Soft — это пластичность, текучесть формы, избегающей определенности, ее живописные свойства. Norm — норма, канон – слово, отсылающее к нормативности модернизма, а с другой стороны — «поэтика нейтрального» [1], сдержанность, принцип художественной бережливости. И то, и другое с середины 00-х составляет проблематику, к которой год за годом возвращается в своей кураторской работе Евгения Кикодзе. «Мягкая норма» — уже не «новый канон», декларируемый выставкой «Предельно / Конкретно» (Музей PERMM, 2010), но поиск общего основания в условиях размытых границ формы и медиума, жанровой разнородности, географической разнесенности избранного среза. Знак хэштега, скорее всего, привнесен со-куратором Антонио Джеузой, специалистом по видео- и медиа-арту. С одной стороны, он локализует концепт в сетевом пространстве (если выставка — это выдача по тегу, то ее участники — невольные сообщники, случайно и неслучайно объединенные емкой формулой), а с другой — указывает на опосредованность образов, источник которых — это не предметы вещественного мира, а их воспроизведение на экране или печати. В смежном семантическом поле мы найдем слово normcore, которое в современной городской культуре обозначает гибкую идентичность, адаптивность, личное освобождение через бытие «ничем особенным», эмпатию и сотрудничество [2].
Виктор Алимпиев
Выставка #SoftNorm, прошедшая на территории центра дизайна Artplay c 13 по 22 октября, разделяет это движение к новой человечности, объявляя самым человечным и самым базовым из типов зрительной чувственности живописный. В отличие от предыдущего кураторского проекта Кикодзе — «Живописи расширения» (Музей Москвы, 2014, в соавторстве с Анатолием Осмоловским), — где была совершена попытка опровергнуть смерть живописи как технэ, способа делания искусства, здесь кураторское усилие направлено на добычу некого экстракта, особой чувственной подоплеки, которая проявляется в работах независимо от медиума.

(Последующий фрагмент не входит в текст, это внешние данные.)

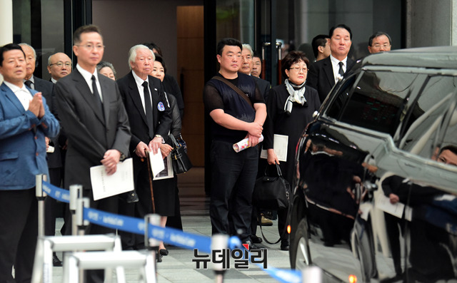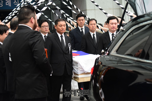 향년 92세로 별세한 고(故) 김종필 전 국무총리의 발인이 27일 오전 서울 송파구 서울아산병원 장례식장에서 진행되고 있다.

Собственно живописи в сугубо медиальном смысле на выставке не так уж много — половина, если считать по фамилиям. Виктор Алимпиев, которому отведен отдельный зал, представляет несколько пар холстов, на которых рисунок, опосредованный копировальной бумагой, проступает сквозь множество лессировок чистых флуоресцентных цветов. Наложение этих цветов друг на друга создает впечатление разбеленных оттенков — розоватого, зеленоватого, голубоватого — одновременно телесных, как цвета румянца или вен, и нечеловеческих, слабо сияющих, как цвета на снимках космоса, сделанных телескопом «Хаббл». Другой, другое тело здесь присутствует так эфемерно, что может сойти за абстракцию; вспышка или тонкая живая линия очерчивает колебания воздуха там, где некогда была фигура, след прикосновения, возможно даже не случившегося, а застывшего в нескольких сантиметрах на полпути.

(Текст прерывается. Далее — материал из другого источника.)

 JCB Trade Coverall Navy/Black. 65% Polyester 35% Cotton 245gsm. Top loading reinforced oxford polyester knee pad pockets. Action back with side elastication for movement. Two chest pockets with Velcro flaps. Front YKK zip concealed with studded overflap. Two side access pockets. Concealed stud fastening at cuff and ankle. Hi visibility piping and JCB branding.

1–5 — Андрей Анро, 6–9 — Калина Мавродиева
Андрей Анро, молодой художник из Беларуси, пишет портреты с газетных некрологов и объявлений о пропавших без вести — мрачные отчужденные головы с бэконовскими черными провалами ртов (глаз, ноздрей) и полуоформленными-полуразвоплощенными чертами лиц [3], оплывающими потёками/отёками в духе Марлен Дюма. Калина Мавродиева из Болгарии, напротив, скорее недовоплощает своих персонажей, не оставляя им ни лиц, ни голов, ни почти даже тел. Это умолчание, свойственное скорее графике, чем живописи, мы видели у Люка Тёйманса, наряду с Дюма являющегося одним из главных героев молодого поколения живописцев.
Говоря о бумажной живописи Петра Кирюши, стоит сослаться на текст Евгении Кикодзе, где точно подмечается «экранное» понимание цвета, но аналоговый характер образа, который выдерживает многократное увеличение, будто мощной оптикой художника-микробиолога, наблюдающего за простейшими организмами на подсвеченном стеклышке.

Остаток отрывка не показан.